David Myers, VP of Sales for DRS Industries Inc. , a Holland, OH-based mold manufacturer, concurred. "There's a learning curve to producing parts at production facilities that are only used for molding parts from steel molds," Myers explained to PlasticsToday. "Not only in how you process the parts but how you treat an aluminum mold versus a steel mold.  

"It's not a significant difference, but enough that it can cause problems. Your savings on the cycle time can be offset by the risk element inherent in the learning curve. We find ourselves supporting OEMs with aluminum tools and bringing in the production molder to educate them on aluminum tools," Myers added.

Unique primarily builds steel molds for the automotive industry, but has a long history of building aluminum molds as well. King said that the company also builds 'hybrid' molds that may be primarily steel but might incorporate aluminum inserts in a standing or deep-draw piece, or an area where it's difficult to get water resulting in a hot area that will affect cycle or hurt quality.

Aluminum or steel?
King explained there are several criteria in that will determine if an aluminum mold is suitable for an application.
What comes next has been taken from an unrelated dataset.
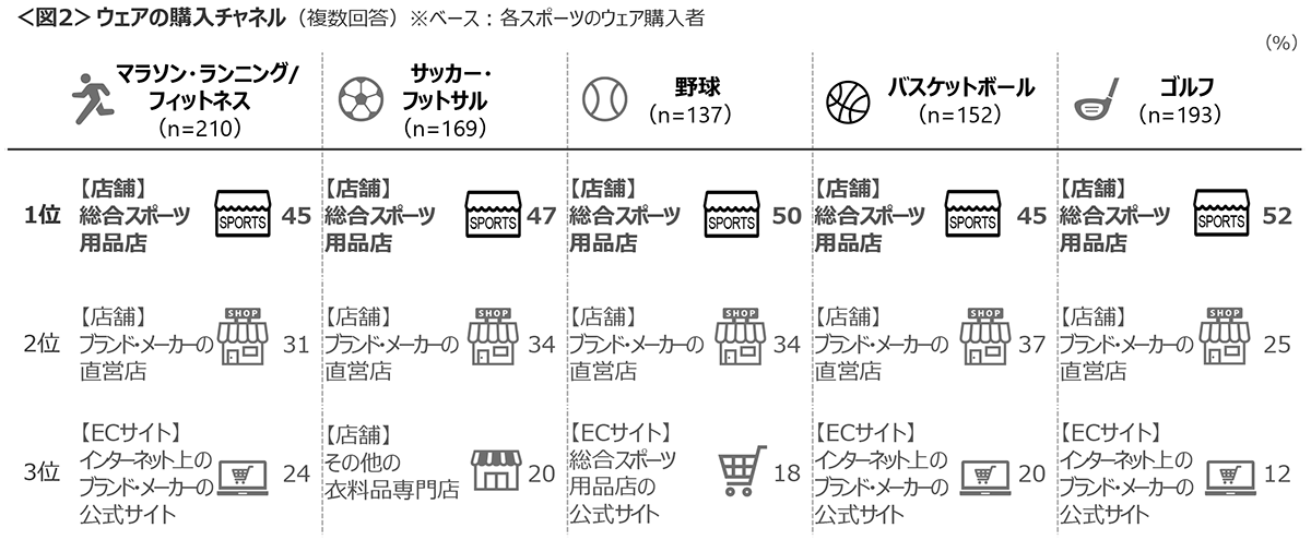 ウェアの購入チャネルは、いずれのスポーツも「総合スポーツ用品店(店舗)」がトップで40~50%台、次いで「ブランド・メーカーの直営店(店舗)」が20~30%台であり、店頭での購入率が多い。<図2>
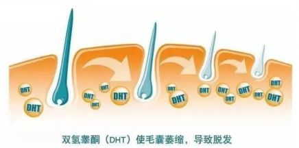 仲华利主任介绍,有90%的人脱发都是因为——雄激素性脱发,乍一听这个名字有点陌生,其实他就是过去人们常说的溢脂性脱发、男性型脱发。以前人们不了解脱发的原因,曾错误地认为脱发就是头发出油过多导致的。实际上,头皮上的毛囊和皮脂腺都对雄激素敏感。进入青春期之后,男性雄激素分泌增多,皮脂腺在雄激素作用下会变得肥大,产生更多的油;而毛囊会在雄激素影响下变小,生出的头发变细变短,还没长到足够长就会掉,直至毛囊彻底罢工。在雄激素导致毛囊提前退休的过程中,前额、头顶和后脑勺上部的毛囊尤其敏感,于是就造成了秃顶的发生。

Part design/configuration is a major consideration. "A part has to be adequately designed for the molding process," said King. "We've built aluminum tools with lots of actions and/or poor shut-offs with no problem, but we might use steel shut-offs in an aluminum tool."

Unique Tool & Guage Inc. Part volume is also a critical factor when deciding whether to use aluminum.  "If you have an extremely high volume part, we might lean toward steel and/or at least have specific areas inserts made in steel," said King. "Sometimes we take the hybrid approach in a steel mold and, because aluminum is cost effective and conductive, we'll use aluminum in certain areas."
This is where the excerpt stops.